Very bad performance with large text field

At one of my customer projects we work with documents containing a very large text-field (content of eBooks....).
We saw that queries slow down more then 100 x times when such documents are queried. Even if we use the source-filter and exclude this field from the query! The only solution is to exclude the text-field from the _source at index-time from the documents:

PUT my_index
{
  "mappings": {
    "_default_": {
      "_source": {
        "excludes": [
          "mylargeTextField"
        ]
      },
....

I found the following blog post that explains the issue in detail:

What I don't understand:
Why is the search so slow even when using the source filtering in the query? There should be no need to fetch, retrieve and merge the excluded fields? I was expecting when using something like

GET /_search
{
    "_source": {
        "excludes": [ "mylargeTextField" ]
    },
    "query" : {
        "term" : { "otherField" : "something" }
    }
}

the large text-field shouldn't impact the performance at all and should be ignored for this specific query?

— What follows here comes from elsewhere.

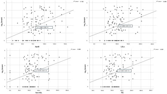 Scatterplots expressing the correlation between apoB, non-HDL-C, LDL-C, and TC and log-transformed Gensini score.
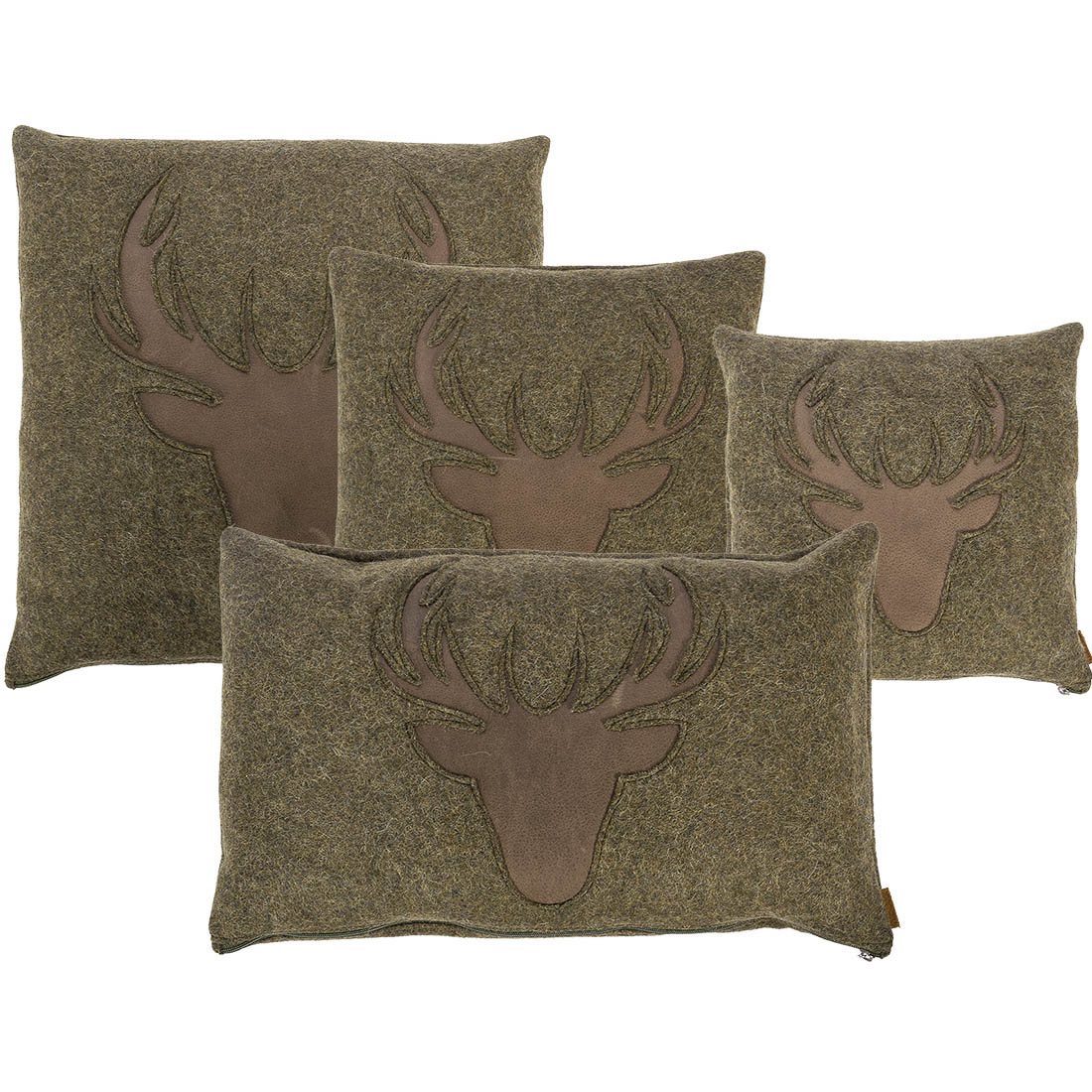 Landhaus Loden Kissen "Johann" großes moosgrünes Filzkissen mit Lederapplikation Hirsch, 52x52cm

Currently we are using Elasticsearch also as a datastore. If such large documents are slow things down, Elasticsearch seems not to be a perfect datastore (in contrast to MongoDB)?

(We are using the latest ES 5.4.x)

Anyone from Elastic?

There are two potential reasons:

  • CPU overhead: the json parser still needs to skip over the large text field in order to exclude it from the _source, which is linear with the size of your json doc.
  • Disk overhead, since those large fields make the index larger and thus the filesystem cache can only hold a smaller ratio of the total index size.

Thanks @jpountz!
It seems not to be the "json-parsing".
If we use the search without any searchterms it's fast as hell (2 ms):

GET index_with_large_text/_search

If we use a simple searchterm, there is the performance problem (152 ms):

GET index_with_large_text/_search?q=any_field:something

So JSON parsing seems not be the problem. Must be something with "Disk overhead" during the search- or merge-phase , right? Do you thing increasing RAM/Heap-Size can fix the problem?

How large is your index (the size of the data dir) and how much do you give to the filesystem cache?

  • The "data dir" is about 490MB.
  • Disk caching is on 10G (page cache via free -mh)
  • Java Heap: "heap_max": "30.7gb" / "heap_used": "2.1gb"

It seems to be no memory/caching issue when looking on this sizing.

We tried the query in a cluster of 4 node (same params as above) and on a single node with just one shard.
The bad performance remains unchanged.

The content of the large-text is around 700KB for a single document.

Any suggestion what we can test or do? Is it possible that Elasticsearch is not practical usable on such large text fields in the _source object?

@jpountz Do you have additional ideas?

This query executes scoring on any_field. Maybe you see the effect because of missing or bad stop word analyzing, or a large number of segments.

Can you confirm you are not using really large size values? Also when you say, 100x slower, what is the order of magnitude of the response times we are talking about? Is it 100% reproducible?

When indexed without storing the large text-field in _source the "took"-time is around: 1-2ms
With this field in _source: 90ms -120ms (around 100x slower)
Yes, it's always reproducible.

For our tests we are using the default size of 10 hits that should be returned.
If using size=1 it's much faster; a size of 10000 is slowing things much more down

Currently we thinking about not storing those large texts in Elasticsearch, but using MongoDB for this. But we will loose highlighting features and some nice-to-have functions like "reindexing" and "updates" within Elasticsearch.....

It means Elasticsearch is taking about 100ms to do the source filtering for only 10 documents, which is puzzling.

This topic was automatically closed 28 days after the last reply. New replies are no longer allowed.